Key Takeaways
• Understand modern portfolio theory and its application to portfolio construction.
• Use statistical measures such as variance, covariance and standard deviation to simulate portfolio risk and return profiles.
• Understand the properties and differences between the asset classes that can be combined to diversify a portfolio.
Modern portfolio theory
Modern portfolio theory (MPT) was first introduced in 1952 by Harry Markowitz to describe how risk-averse investors can achieve optimal returns from their investments at a given level of risk. Harry later received a Nobel prize for MPT, which is still valued to the present day.
MPT involves a process of identifying how the assets within a portfolio of investments contribute to the funds overall profile for risk and return. Through MPT, we are able to understand how the assets can be combined to create different risk and return values, and where an optimal mix of the assets can achieve the highest level of expected return for the fund at a given level of risk.
It is often accepted that a larger appetite for risk may yield larger returns for the investor. Despite this, a portfolio of assets may not always yield the same increments of returns for the additional risk taken, thus the relationship between risk and return is not linear.

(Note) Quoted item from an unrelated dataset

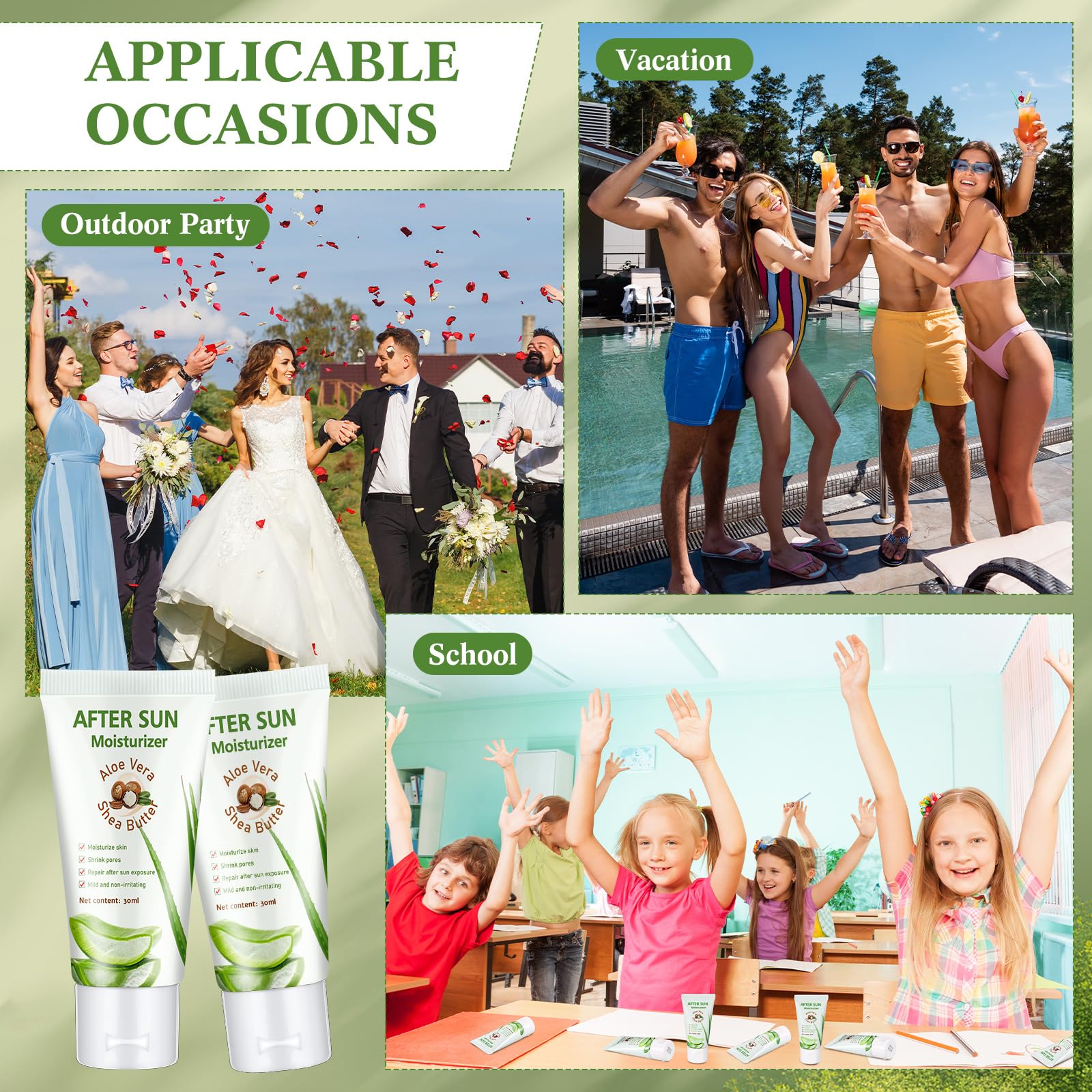 - Convenient Travel Size After Sun Lotion: enjoy ample supply of our after sun lotion, available in a pack of 12 mini after sun lotion; Each bottle is a travel friendly size of 3.94 X 1.81 inches or 10 X 4.6 cm and has a net weight of about 1 oz/ 30 g; Due to their lightweight and compact design, these lotions can easily fit in your bag, making them suitable for beach outings, picnics, weddings, baby showers or just daily indoor and outdoor use

In this blog, I will look at the some of the key statistical measures involved with MPT to understand what they tell us about a portfolio of assets, and what their criticisms are. You can find the formulae for all calculations from my Excel sheet available on GitHub. I will also review how the optimal mix of assets can be found for a portfolio. I will conclude the blog by reviewing the different types of assets that can be included within a portfolio and how MPT has since been adapted and applied within industry.
Asset and portfolio risk
We can divide risk into two types: systematic and unsystematic risk. Systematic risk, also known as undiversifiable risk, is implicit with the market; it includes risk from market observables (such as interest rate or inflation). Unsystematic risk, also known as diversifiable risk, is present with the nature of the asset and can be mitigated. One example of an unsystematic risk may be the change in regulations to the airline industry which subsequently caused the likes of Ryanair and EasyJet stock prices to tumble during Covid-19 lockdowns.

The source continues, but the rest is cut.